Grozny envoyé spécial
Fantômes au sortir d'un caveau, ils émergent de leur bunker, petits groupes hagards, l'uniforme en lambeaux, couverts de poussière et de plâtre. Sur les visages, noircis par la poudre, crainte et lassitude. Le masque d'une défaite qui ne dit pas son nom, et que l'on a travestie en trêve. Les soldats russes ne se font pourtant guère d'illusions, assiégés depuis vingt jours dans le centre de Grozny, enterrés dans des pâtés de bâtiments en ruine, ils avaient pour seul horizon la ligne de tir d'une meurtrière. Tout leur manque: eau, vivres, munitions. Leur sort dépend du bon vouloir de ces rebelles, traités hier de bandits, aujourd'hui maîtres de la ville. Ils ont rabattu de leur superbe. Une soumission aux relents de capitulation.

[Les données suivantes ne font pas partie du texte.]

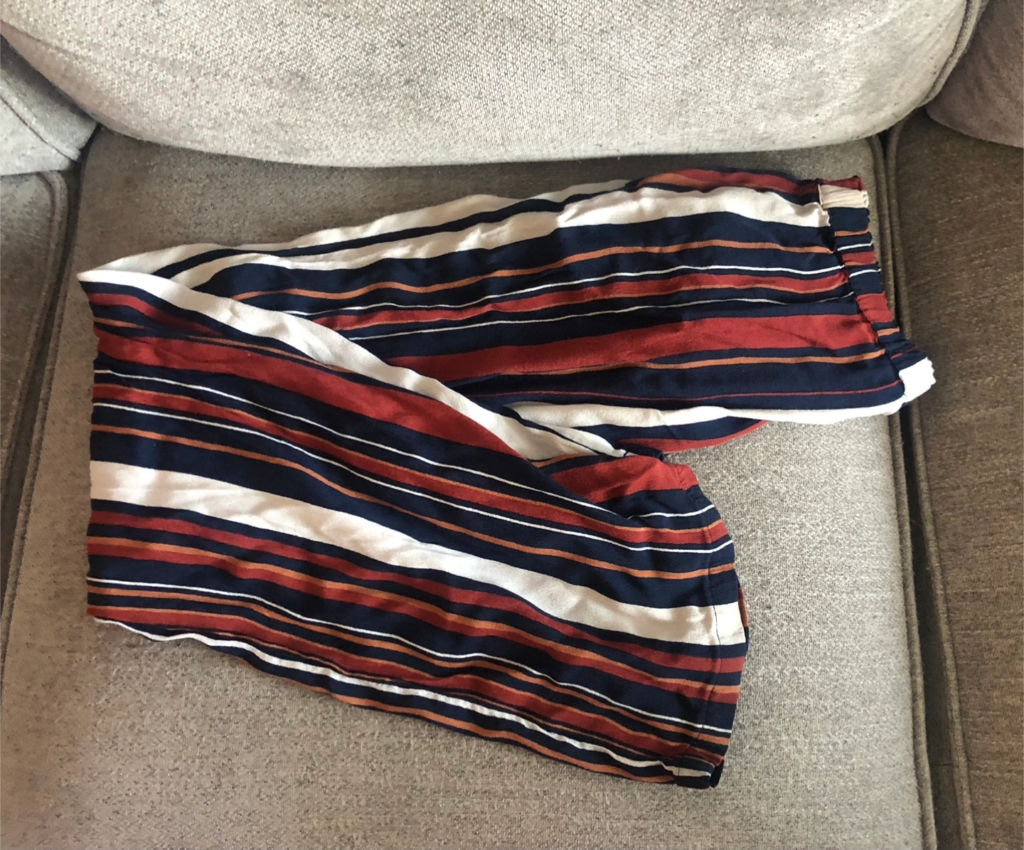 Long Tall Sally striped pants in size 4. They feature a stylish striped pattern in navy, rust, and white. Perfect for a casual or dressed-up look!

Vadim, 22 ans, avance avec une extrême circonspection, collé au drapeau blanc de son commandant. Première rencontre avec l'ennemi. Première sortie à l'air libre après trois semaines de mitraille. Campés au milieu du carrefour, le verbe haut, l'arme à la hanche, les combattants tchétchènes l'encouragent de la voix et du geste, ravis d'une telle timidité. Une dizaine de mètres les séparent. Redoutable glacis il y a seulement quelques heures. La rue de la Paix, théâtre des plus violents engagements, n'est que décombres, l'asphalte creusé par les cratères de bombes, constellé par les éclats des obus. Entre les carcasses de blindés calcinés pourrissent les cadavres. Flotte une insupportable odeur de mort.